Since I decided I wanted to re-use the mortars I have in other parts of the game, I needed to get them firing in a way that was actually dangerous to the player. Before the CEO, they were all fired out of cannons at a fixed angle; this is very easy to create and very predictable to the player. Which is fine for how they’re used in other levels, but for the boss fight it seemed a little… static to just have them always fire at exactly the same spots in the map. (In fact, I toyed with the idea of just having cannons instead of making the boss fire them himself!)

Now, flying objects are very easy when you want to give something an initial velocity and direction and just simulate their movement – each frame you update their velocity based on acceleration (including gravity!) and then update their position based on velocity. Simple! That’s exactly how the mortar cannons work, and how the mortars work once fired. The trick with the CEO, though, is that I want him to fire those mortars at the player. I want to use a fixed velocity for the mortars, and I have the position of the player and the CEO, so all I need is to figure out the angle of firing! Unfortunately this turned out to be a lot more than my tired weekend-brain was up to. In my defense, it’s been a very long time since I took beginner physics.

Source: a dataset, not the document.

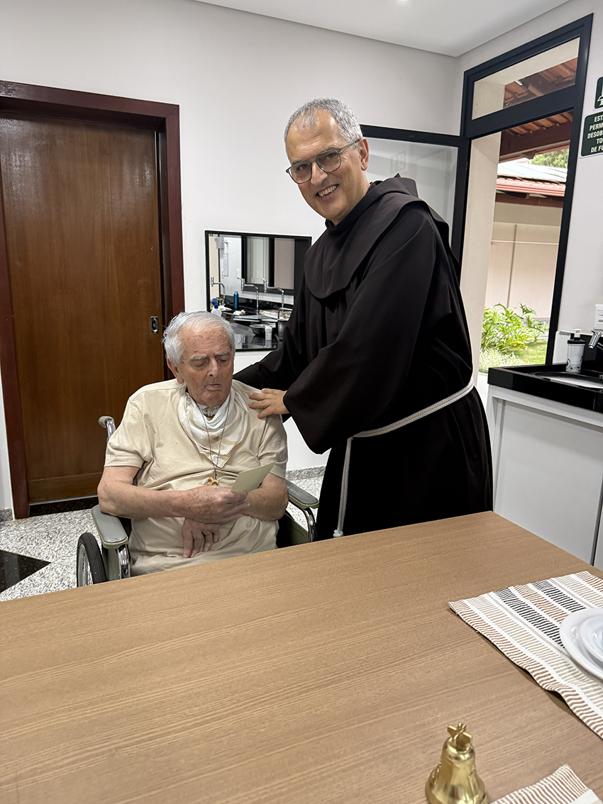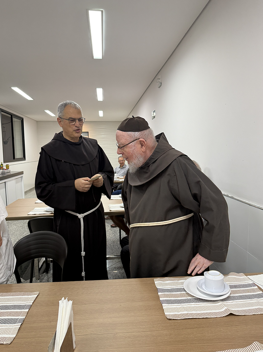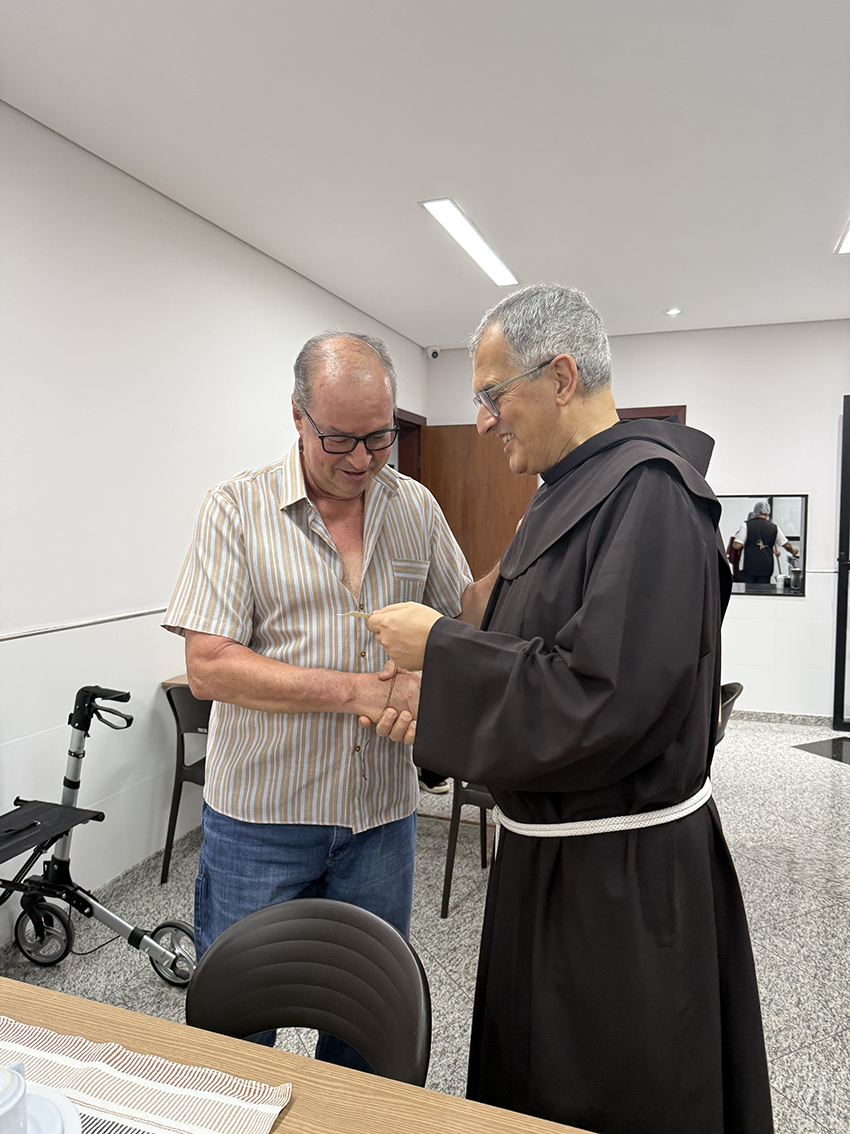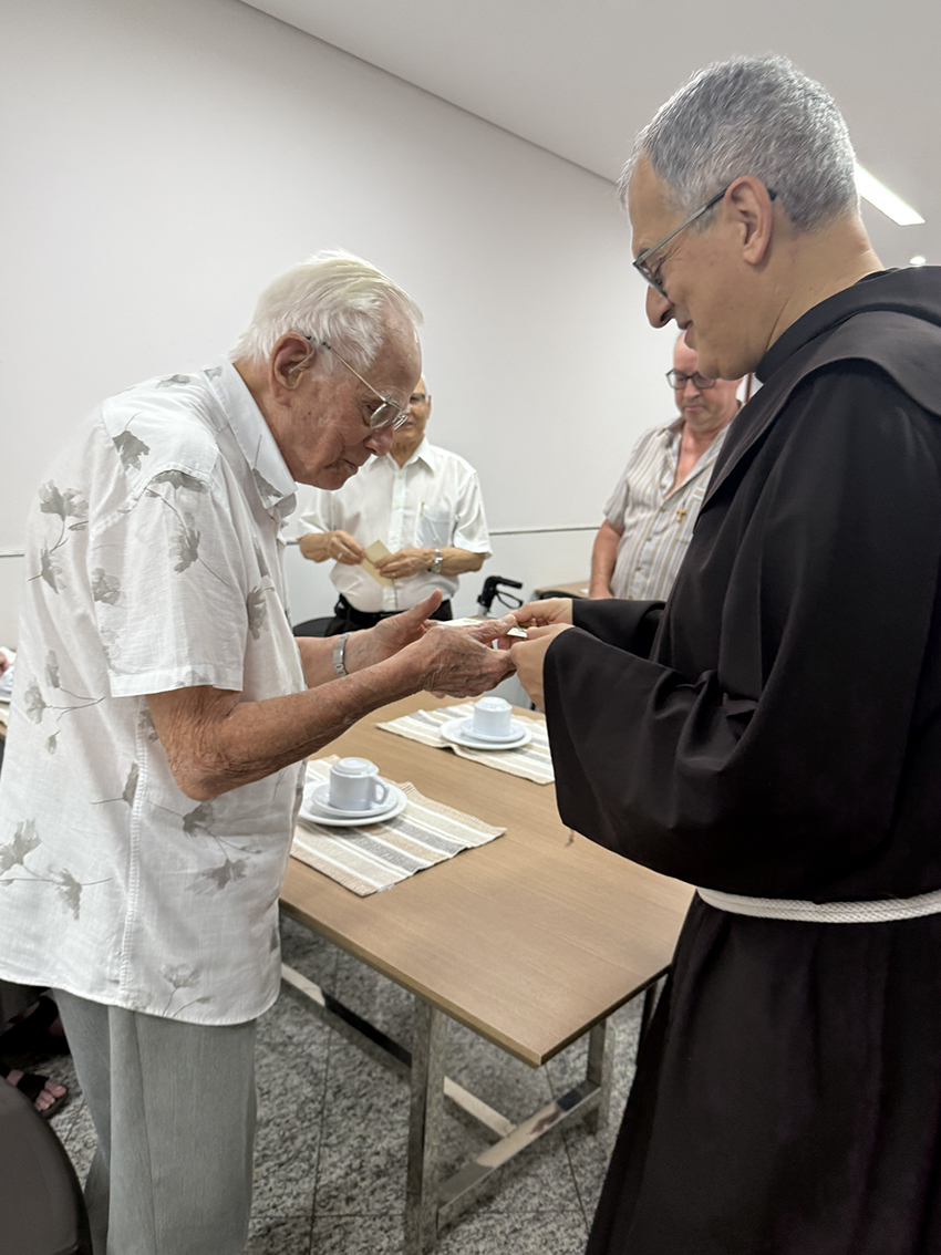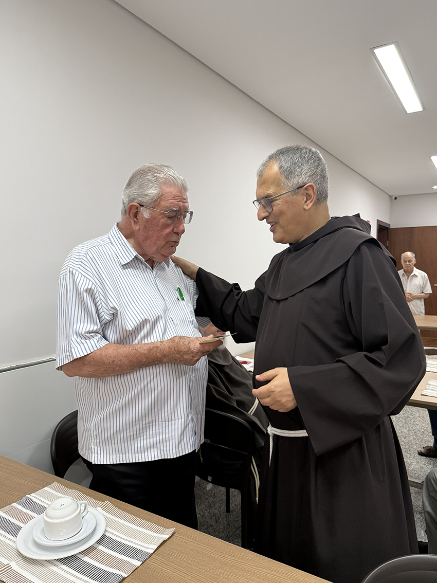E então, um gesto que comoveu a todos. Frei Massimo invocou uma bênção especial e ofertou um “tal” que fora abençoado, dias antes de sua vinda para o Brasil, na igrejinha da Porciúncula, a célula-mãe da Ordem dos Frades Menores. Aquele sinal, vindo do lugar onde Francisco compreendeu sua vocação, foi entregue como confirmação de uma vida doada como semente que hoje dá seus frutos na Província Santa Cruz. Os frades idosos, alguns deles vindos da Holanda há décadas, receberam o gesto com emoção, traduzido no abraço fraterno.
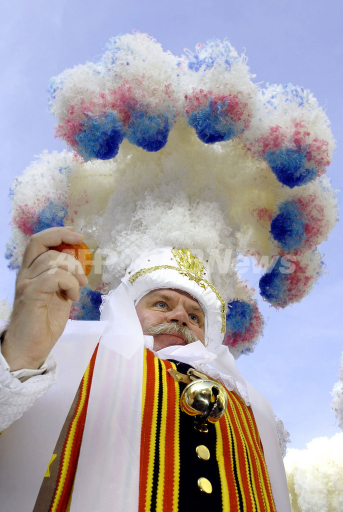 【バンシュ/ベルギー 24日 AFP】ベルギー伝統のお祭り「バンシュ・カーニバル(Binche Carnival)」が18日から20日まで開催された。ベルギーのバンシュ(Binche)で開催。写真は、マルディ・グラの日(Mardis Gras Day、20日)の早朝に、伝承的な衣装をまといバンシュの通りを踊りながらパレードをする「バンシュのジル(道化師、Gilles de Binche)」たち。(c)AFP/Belga Bruno Arnold

After scribbling for a while drawing little graphs and writing bits of equations and erasing them to write different bits of equations, I finally… just looked it up like I should have done to begin with. If you were hoping to read a bunch of diagrams and code about how to do the ballistics calculation, you should just go check out this blog post instead:

https://www.forrestthewoods.com/blog/solving_ballistic_trajectories/

It walks through the ways you can do it, and the section titled “Firing Angle to Hit Stationary Target” ended up working exactly how I wanted (… once I figured out how to get it working in my code). The sample code is in C#, but should be pretty readable for anyone who is using something else. Sadly, the blog also hosted all of its sample gifs on gfycat, which is no longer, but I found the explanations to be enough (hopefully you will too!)

Next Week

I’m hoping to finish up the boss fight by next weekend, and then next on my plate is to do the first level. I also have some miscellaneous bits of polish and some art to draw… I might do some of that? After I finish the boss fight, anyway.